Hegic(old contract)
March 1, 2025
Withdrawal function lacked proper balance validation checks.
FORENSIC REPORT
Time of death: March 1, 2025. The specimen, Hegic's legacy contract on Ethereum, was found exsanguinated in its natural habitat. Withdrawal function showed signs of acute structural failure—the kind that suggests negligent development practices rather than sophisticated attack vectors. The attacker simply kept withdrawing. The contract kept allowing it.
Cause of death analysis reveals a critical absence of balance validation logic in the withdrawal mechanism. The pathology is textbook: a function that decrements user balances but fails to verify sufficient funds exist before execution. Repeated calls to withdraw() executed without resistance, draining $94,000 in what we in the field call 'the patient didn't even fight back' syndrome. No reentrancy guard required here—the vulnerability was so fundamental it didn't need to be clever.
Contributing factors suggest this contract had been in production long enough to accumulate technical debt and architectural apathy. The fact that this was the 'old contract' implies version fatigue—a post-mortem indicator that the developers had already moved on to newer specimens, leaving the legacy code to decompose unmonitored. No circuit breakers. No emergency pause functionality. Just... withdrawals, unlimited and unquestioned.

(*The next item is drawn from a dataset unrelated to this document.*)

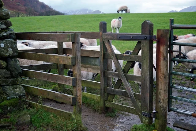 We came across lots of sheep, and the footpath sometimes took us through the same fields as the grazing sheep. Some fences had regular latch gates, others had "kissing gates" (you swing the gate one way, step into a small section, swing the gate the other way, then step out) or "step stile" (steps poke out through the fence's stiles, so you step half-way up, swing your foot to the other side of the fence, then step down). The idea is humans can navigate these gates but sheep can't, but those sheep sure are hopeful. Every time a gate swung closed, all the sheep within earshot would run to the fence, as if they were thinking "Did they leave it open?".

Victim impact: $94,000 permanently transferred to attacker wallets. The actual casualty count remains unknown—how many individual LPs lost their collateral? The contract's liquidity providers learned a hard lesson about the difference between 'deployed' and 'maintained.' These funds didn't disappear into a black hole; they were methodically extracted by someone who understood the victim's complete lack of safeguards.
Pathologist's note: This death was entirely preventable. Not through luck, not through obscure security patches, but through basic arithmetic and a single require() statement. In 20 years of examining financial protocol failures, I've noticed something: the most efficient killers aren't sophisticated attackers. They're negligent developers. This specimen died the way most vulnerable smart contracts die—not with a bang, but with a withdrawal loop that should never have compiled. The irony? This was an *options* protocol. The attacker had unlimited optionality. Hegic had none.
"Hegic's old contract bled out $94K through a textbook unlimited withdrawal exploit. The victim had no circuit breaker. We've seen this pattern before."